» **WORK ORDER**
It is required that the lines from the top of the listing through the line with "DMPP-35 SRチケット が入手可能!" be reproduced exactly, excluding pictures.

» **DATASET SECTION**
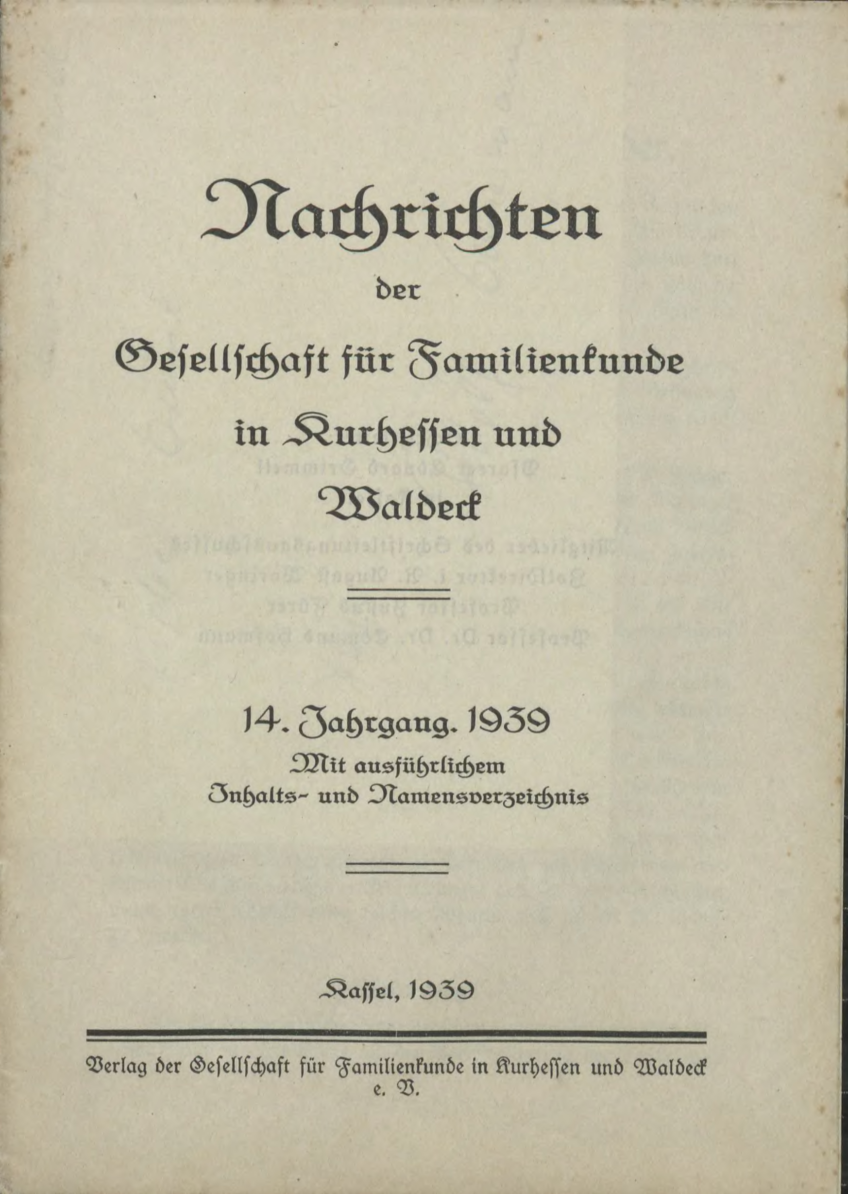 Nachrichten der Gesellschaft für Familienkunde in Kurhessen und Waldeck, 14. Jahrgang, Hefte 1-3 sowie 1 Inhaltsverzeichnis und 2 Sonderbeilagen, Verlag der Gesellschaft für Familienkunde in Kurhessen und Waldeck e. V., 1939
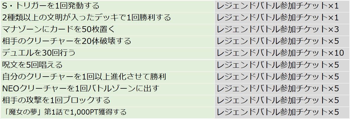 デュエルを行うことでレジェンドポイントが入手でき、集めたポイントに応じて様々な報酬が獲得できます。ポイントを集めて特別イラストの 《イチゴッチ・タンク/レッツ・ゴイチゴ》(PR) や DMPP-35 SRチケット が入手可能!
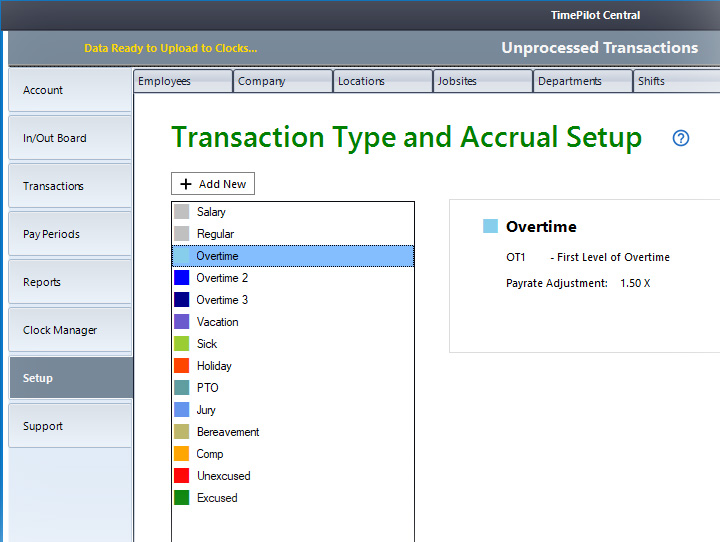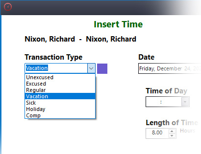 As you can see at right, the number of Transaction Types available to be assigned to Richard Nixon is fewer than those shown in the "Transaction Type and Accrual Setup" screenshot above. That's because the Pay Class assigned to Nixon specifies only seven possible types.

» **SOLUTION TO THIS TASK**
 Nachrichten der Gesellschaft für Familienkunde in Kurhessen und Waldeck, 14. Jahrgang, Hefte 1-3 sowie 1 Inhaltsverzeichnis und 2 Sonderbeilagen, Verlag der Gesellschaft für Familienkunde in Kurhessen und Waldeck e. V., 1939
 デュエルを行うことでレジェンドポイントが入手でき、集めたポイントに応じて様々な報酬が獲得できます。ポイントを集めて特別イラストの 《イチゴッチ・タンク/レッツ・ゴイチゴ》(PR) や DMPP-35 SRチケット が入手可能!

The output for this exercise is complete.